Begin with the first line below and retype each line exactly through the line containing "本次训练营围绕赛事解读、实战". Any pictures are to be left out.

## Dataset entries
....

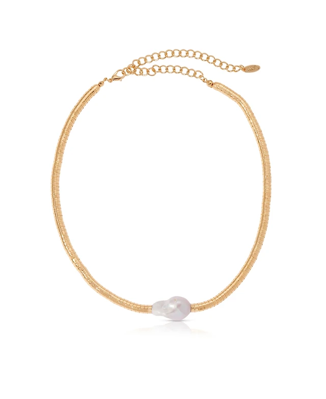 Ettika Baroque Cultured Freshwater Pearl Pendant 18K Gold-Plated Snake Chain Necklace
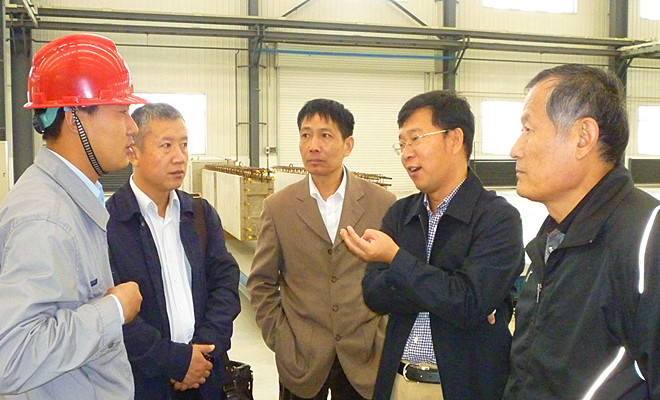 上圖為徐鵬強董事長(右二)在沈陽工業(yè)化部品生產(chǎn)車間與車間負責人交流
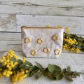 楽しいお出かけに大人かわいい手刺繍ミモザリースの小さめポーチはいかがでしょうか?
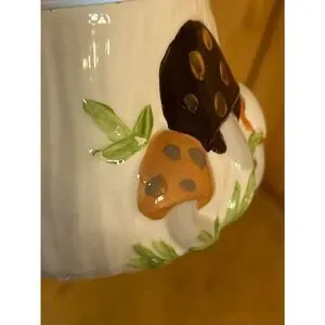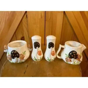 Vintage Arnels Mushroom Ceramic Creamer, Sugar Bowl, Salt and Pepper Shakers. No lid or stoppers. Wear on mushrooms on creamer and sugar bowl. Flaws on leaves and mushroom of salt and pepper shakers. See pictures. (5008) Measurements: Salt and Pepper Shakers Height 4.25" Sugar Bowl 2.75x 3" Creamer 3x4.75"
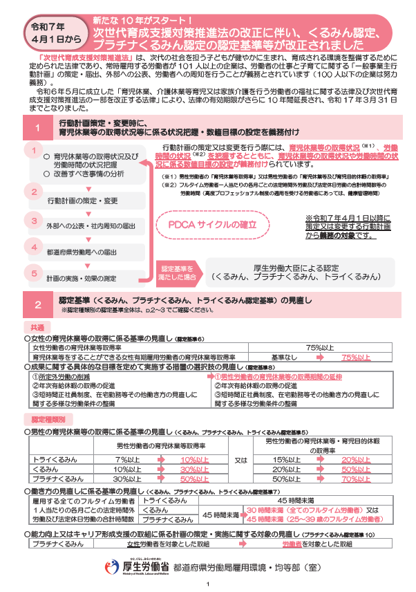 リーフレット「次世代育成支援対策推進法の改正に伴い、くるみん認定、プラチナくるみん認定の認定基準等が改正されます」
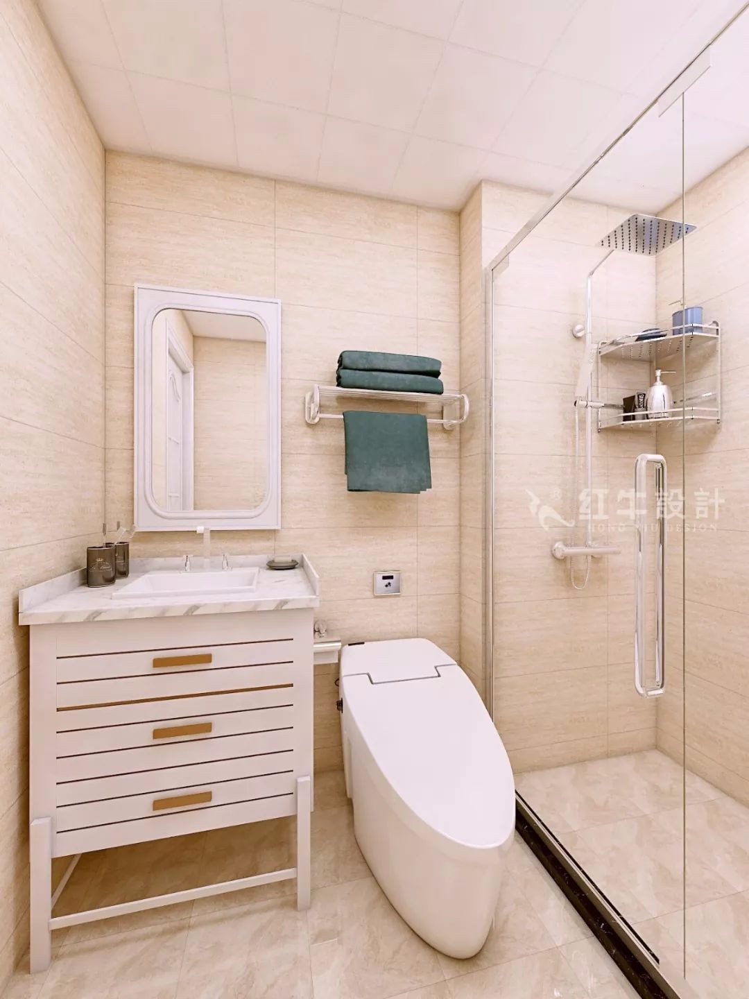 衛生間采用柔和的色彩作為主色調,搭配略帶歐式風情的柜子和梳妝鏡,給人一種干凈而又溫馨的整體感受。
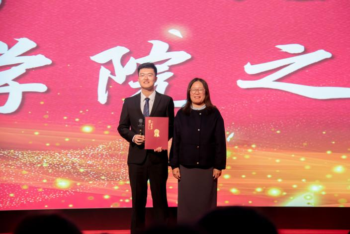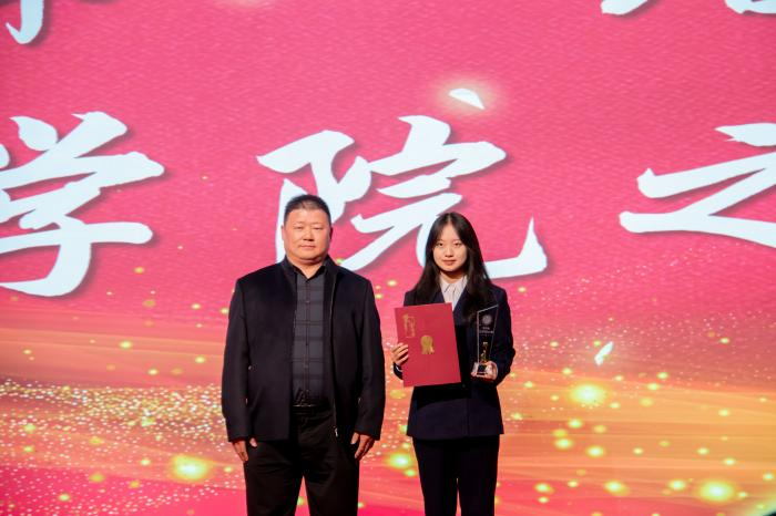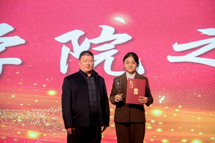 孟祥滨为优秀学生干部代表颁奖。他们在服务同学中践行责任,于统筹协调中彰显担当,以热忱与智慧搭建师生沟通的桥梁,用实际行动诠释了“奉献、成长、引领”的青春力量。
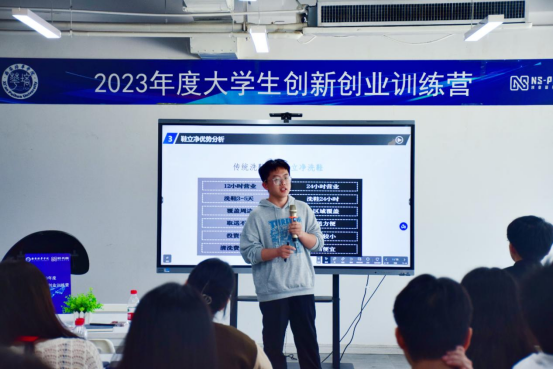 本次训练营围绕赛事解读、实战能力提升和项目路演技巧三方面进行培训。创客中心王旭东老师首先介绍了本届训练营联合“NS-PLAN”创业新星计划拟开展的各项培训,王大力、刘龙泉两位导师分别将互联网+创新创业大赛、挑战杯等赛事的赛制、商业模式设计、商业计划书撰写、路演答辩技巧等方面给同学们进行了详细的培训和指导。现场,传媒学院、智能科学与信息工程学院、会计与金融学院及体育学院带来了4个不同方向的项目路演,两位导师针对同学们的创业项目给予了点评和建议。
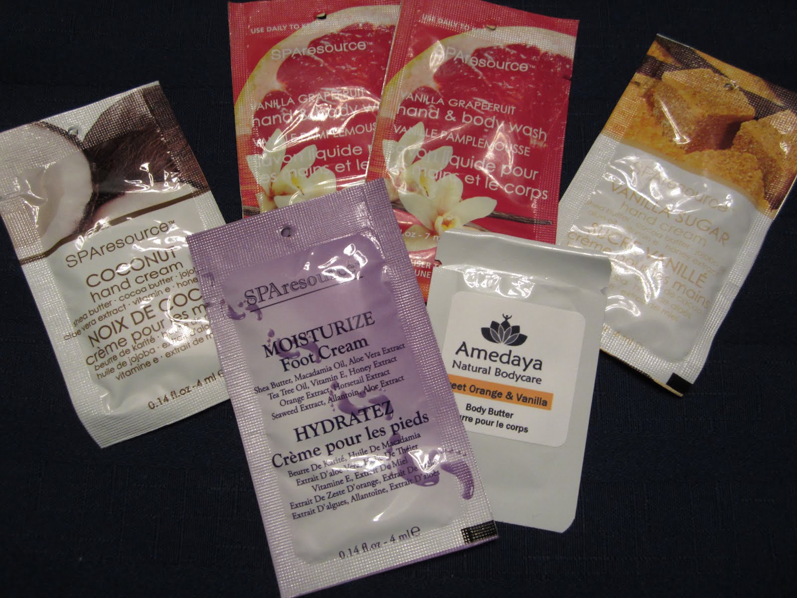 Spa Resource with included a coconut hand cream (4ml) vanilla Grapefruit hand & body wash (7ml) x2, vanilla sugar hand cream (4ml) and moisture foor cream (4ml)
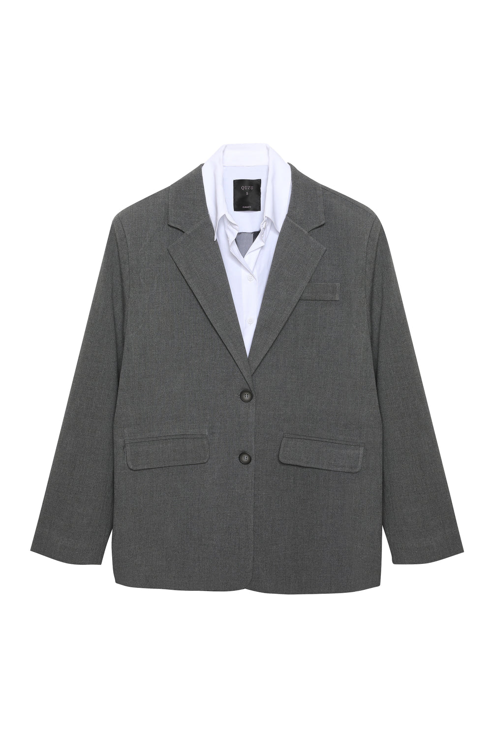 Gömlek Detaylı Sırtı Baskılı Blazer Ceket Gri
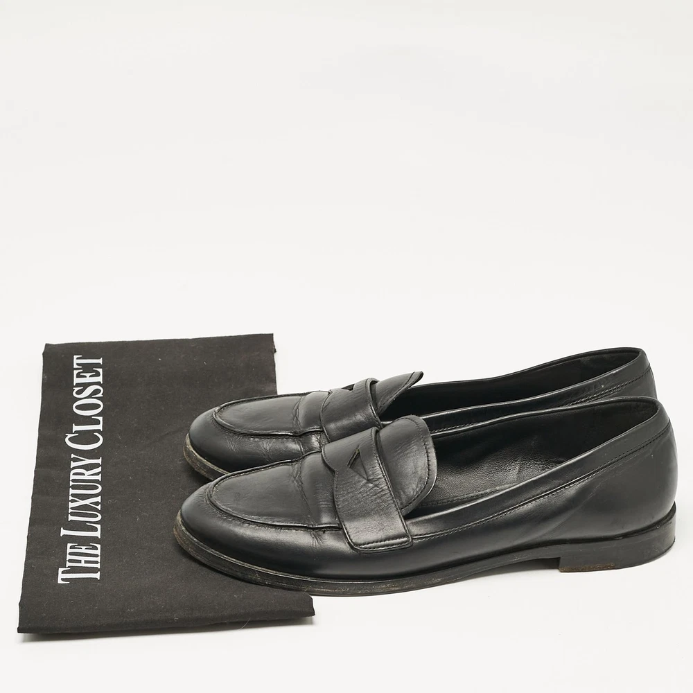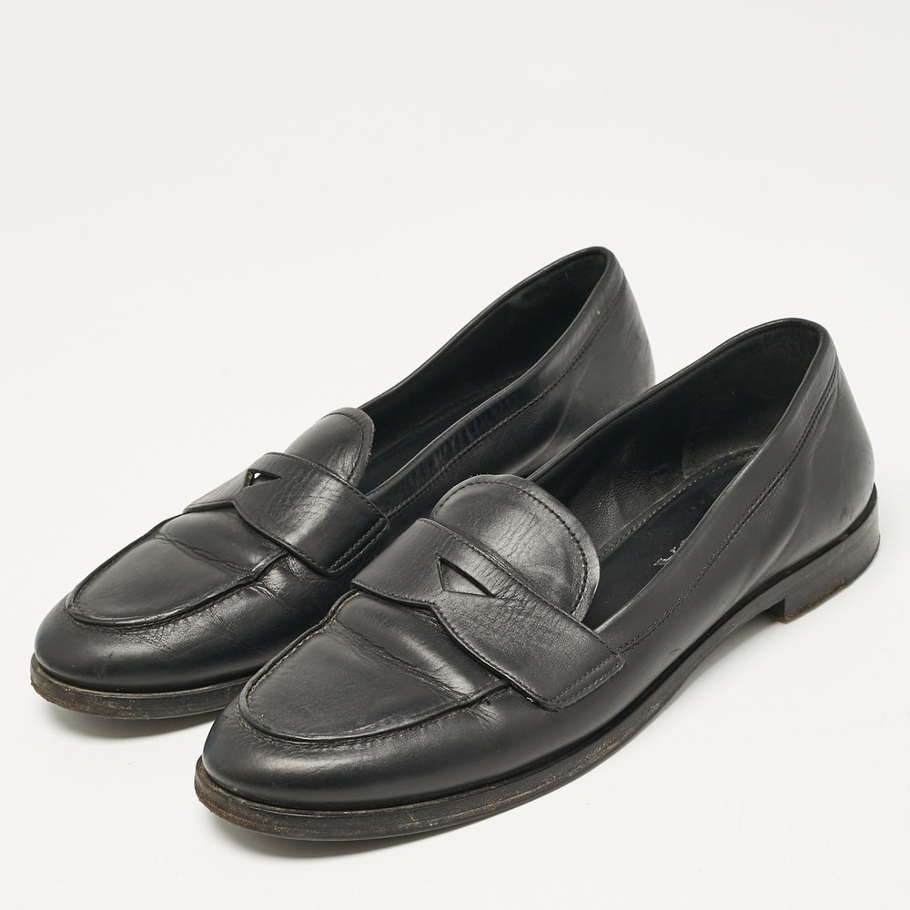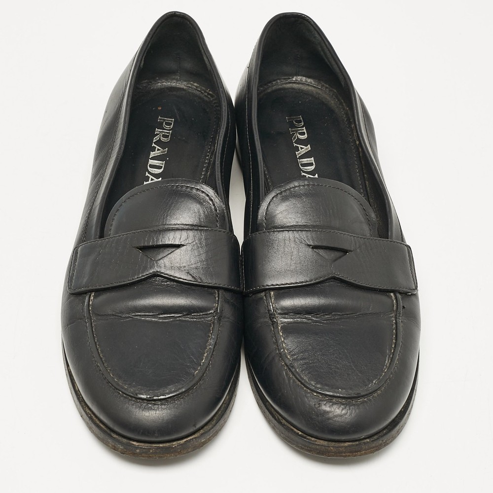 Indulge in timeless elegance with these womens loafers from Prada. Crafted in Italy, their sleek black leather exterior exudes sophistication, while the luxurious leather lining and insole ensure unmatched comfort. Designed for the fashion forward woman, these slip ons feature a durable leather and rubber sole, offering both style and practicality. Perfect for day to night transitions, these exclusive shoes elevate any ensemble with their effortless charm and refined aesthetic. Step into a world of luxury with this exquisite footwear.Certified by The Luxury Closet - This item has gone through a detailed authentication process overseen by our experts. We offer a lifetime guarantee of authenticity on all our items. Import duties, taxes and charges are not included in the item price. These charges are the buyers responsibility. Please check with your country’s customs office to determine what these additional cost will be prior to buying. Our eBay Store About Us Contact Us Add to Favorite Sellers Prada Black Leather Slip On Loafers Size 38.5 $151.8 Indulge in timeless elegance with these womens loafers from Prada. Crafted in Italy, their sleek black leather exterior exudes sophistication, while the luxurious leather lining and insole ensure unmatched comfort. Designed for the fashion forward woman, these slip ons feature a durable leather and rubber sole, offering both style and practicality. Perfect for day to night transitions, these exclusive shoes elevate any ensemble with their effortless charm and refined aesthetic. Step into a world of luxury with this exquisite footwear. Product Details Brand Color Black Dimensions Material Leather Size 38.5 Outsole Width 8.5 cm Outsole Length 27 cm Heel Height Includes The Luxury Closet Packaging Certified by The Luxury Closet This item has gone through a detailed authentication process overseen by our experts. We offer a lifetime guarantee of authenticity on all our items. How We Check The in-house team of experts at The Luxury Closet is highly trained to verify the authenticity and the condition of the luxury products. They ensure that only 100% authentic items are put on sale.The evaluation process is unique with its own mix of assessment criteria and differs according to the category. Each item is evaluated based on the following combination of hallmarks, hardware, stitching, symmetry, material, craftsmanship, stamping, codes, hologram stickers, and packaging. Our authenticators also check if the items have been modified or amended (e.g., aftermarket diamonds, replaced batteries, repaired bags, etc.) International Buyers Import duties, taxes and charges are not included in the item price. These charges are the buyers responsibility. Please check with your country’s customs office to determine what these additional cost will be prior to buying.
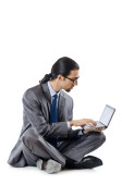 biznesmen siedzi przy biurku
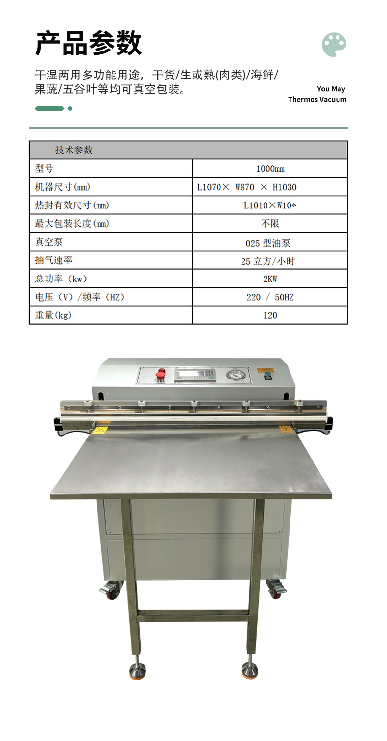 - 產(chǎn)品類型:不同的產(chǎn)品對(duì)包裝有不同的要求。如食品中的海鮮、水果、茶葉等,需要真空包裝以防止氧化變質(zhì)、延長(zhǎng)保質(zhì)期;電子產(chǎn)品則主要是為了防潮、防氧化變色。如果產(chǎn)品是液體或含有液體,要選擇具有防漏功能的包裝袋,并且機(jī)器的封口處需能確保密封4。對(duì)于形狀不規(guī)則或特大件的物品,外抽式真空包裝機(jī)更為適合,因其不受被包裝物尺寸的限制。

....

## ANSWER BOX
 Ettika Baroque Cultured Freshwater Pearl Pendant 18K Gold-Plated Snake Chain Necklace
 上圖為徐鵬強董事長(右二)在沈陽工業(yè)化部品生產(chǎn)車間與車間負責人交流
 楽しいお出かけに大人かわいい手刺繍ミモザリースの小さめポーチはいかがでしょうか?
 Vintage Arnels Mushroom Ceramic Creamer, Sugar Bowl, Salt and Pepper Shakers. No lid or stoppers. Wear on mushrooms on creamer and sugar bowl. Flaws on leaves and mushroom of salt and pepper shakers. See pictures. (5008) Measurements: Salt and Pepper Shakers Height 4.25" Sugar Bowl 2.75x 3" Creamer 3x4.75"
 リーフレット「次世代育成支援対策推進法の改正に伴い、くるみん認定、プラチナくるみん認定の認定基準等が改正されます」
 衛生間采用柔和的色彩作為主色調,搭配略帶歐式風情的柜子和梳妝鏡,給人一種干凈而又溫馨的整體感受。
 孟祥滨为优秀学生干部代表颁奖。他们在服务同学中践行责任,于统筹协调中彰显担当,以热忱与智慧搭建师生沟通的桥梁,用实际行动诠释了“奉献、成长、引领”的青春力量。
 本次训练营围绕赛事解读、实战能力提升和项目路演技巧三方面进行培训。创客中心王旭东老师首先介绍了本届训练营联合“NS-PLAN”创业新星计划拟开展的各项培训,王大力、刘龙泉两位导师分别将互联网+创新创业大赛、挑战杯等赛事的赛制、商业模式设计、商业计划书撰写、路演答辩技巧等方面给同学们进行了详细的培训和指导。现场,传媒学院、智能科学与信息工程学院、会计与金融学院及体育学院带来了4个不同方向的项目路演,两位导师针对同学们的创业项目给予了点评和建议。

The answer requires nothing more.